In Fig. 4, we present the results obtained from the evaluation of \({\mathscr {D}}_{KLS}(i,j)\), in Eq. (3), to compare the temporal activity presented in Fig. 3a for all the cities \(i,j=1,2,\ldots , 632\), considering the information of user’s check-ins in Foursquare. In Fig. 4a we present the statistical analysis of \({\mathscr {D}}_{KLS}(i,j)\) for all pairs of cities. The results are depicted as a probability density \(\rho ({\mathscr {D}}_{KLS})\) for the values \({\mathscr {D}}_{KLS}\), that is, we calculate the values of \({\mathscr {D}}_{KLS}(i,j)\) for all the pairs (ij). With these values, we obtained the histogram shown. We show, as an inset, the \(N\times N\) matrix with elements \({\mathscr {D}}_{KLS}(i,j)\); the respective values are codified in the colorbar. The results for \(\rho ({\mathscr {D}}_{KLS})\) show that a high fraction of the entries in the matrix have values \({\mathscr {D}}_{KLS}\) around 0.1. For the diagonal elements we have \({\mathscr {D}}_{KLS}(i,i)=0\). On the other hand, the maximum value for two different cities is \({\mathscr {D}}_{KLS}=0.6078\), and occurs between the Brazilian city of Sapucaia do Sul and Meru, in Malaysia, as shown in Fig. 4b. At the opposite extreme, the minimum non-null value reached is \({\mathscr {D}}_{KLS}=0.0023\), found for the comparison between Ankara and Izmir, both in Turkey. The respective probabilities are shown in Fig. 4c. The results observed in Fig. 4b are reasonable since we are comparing the activity in two complete different urban areas. In contrast, for the cities considered in Fig. 4c, the resemblance between these two cities is remarkable considering that they are more than 520 km apart. Additionally, a review of the data shows that of the 82,285 active users in Ankara and the 90,923 active users in Izmir, only 11,141 made check-ins in both cities; this represents only 6.87% of the total users with activity in these regions. The similarity in their patterns is not explained by common users but by comparable urban behavior in the same country.

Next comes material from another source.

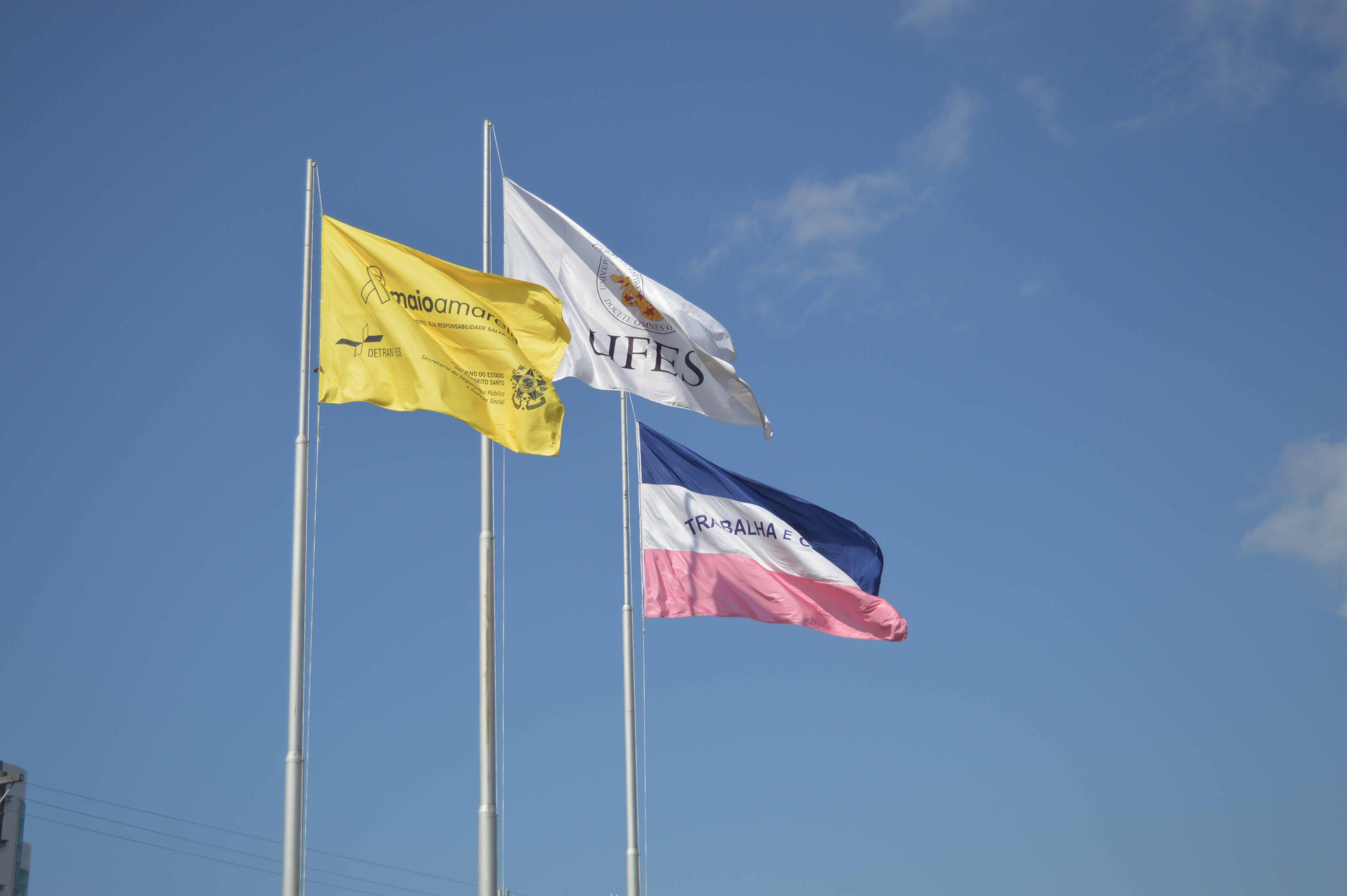 A Administração Central da Ufes realizou nesta quarta-feira, 19, o hasteamento da bandeira amarela alusiva ao movimento Maio Amarelo, que tem o objetivo de conscientizar as pessoas sobre a importância de atitudes positivas no trânsito para a redução do número de acidentes. A bandeira foi hasteada no campus de Goiabeiras, em frente ao Teatro Universitário, ao lado das bandeiras da Ufes e do Estado do Espírito Santo.
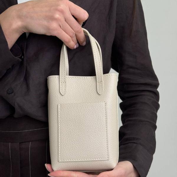 Мини-сумка из натуральной зернистой кожи в утончённом молочном оттенке - идеальный аксессуар для прогулок и ежедневного использования. Компактный размер, удобный передний карман и основное отделение обеспечивают комфортное размещение нужных вещей. Носить её можно в руке или через плечо - благодаря регулируемому ремню. В нашем магазине вы можете купить женскую сумку из натуральной кожи по выгодной цене - стиль и удобство в каждом дне.

Networks and temporal patterns between cities

In this section, we apply methods of network science to analyze the similarities between cities. To this end, we define a network in which nodes represent cities and links the similarity relationship between cities. In this way, two nodes are connected if the respective cities have similar temporal activity. To generate this structure, it is necessary to define what is considered sufficiently similar. We use a threshold value H. If two cities have values \({\mathscr {D}}_{KLS}\) in Eq. (3) lower or equal than H then these cities are considered similar. All this information defines a similarity network for each value H. The respective \(N\times N\) adjacency matrix is denoted as \({\textbf{A}}(H)\), with elements i, j given by

$$\begin{aligned} A_{ij}(H) = \left\{ \begin{array}{ll} 1 \qquad &{} {\mathscr {D}}_{KLS} (i, j) \le H,\\ 0 &{} \textrm{otherwise}. \end{array} \right. \end{aligned}$$
(4)

Additionally, we require \(A_{ii}(H)=0\) for \(i=1,2,\ldots ,N\), to avoid self loops. From the symmetry of the distance \({\mathscr {D}}_{KLS}\), follows the symmetry of \({\textbf{A}}(H)\), defining an undirected network.

Figure 5
figure 5

Similarity networks generated using different threshold values H. (a) Adjacency matrices \({\textbf{A}}(H)\) with elements given by Eq. (4) using the values \(H\in \{0.005,\, 0.01,\, 0.02,\, 0.04,\, 0.0723\}\), binary entries \(A_{ij}(H)\) are depicted in white for 0 and black for 1. (b) Fraction of nodes in the largest connected component \(\nu _{LCC}\) as a function of H in the interval \(0.001\le H \le 0.32\). The largest connected component of the networks generated with \({\textbf{A}}(H)\) in panel (a) are presented and the inset shows \(\langle D \rangle _H\) calculated using Eq. (5). All figures were created using python 3.8 and the matplotlib (3.5.0) package (https://matplotlib.org).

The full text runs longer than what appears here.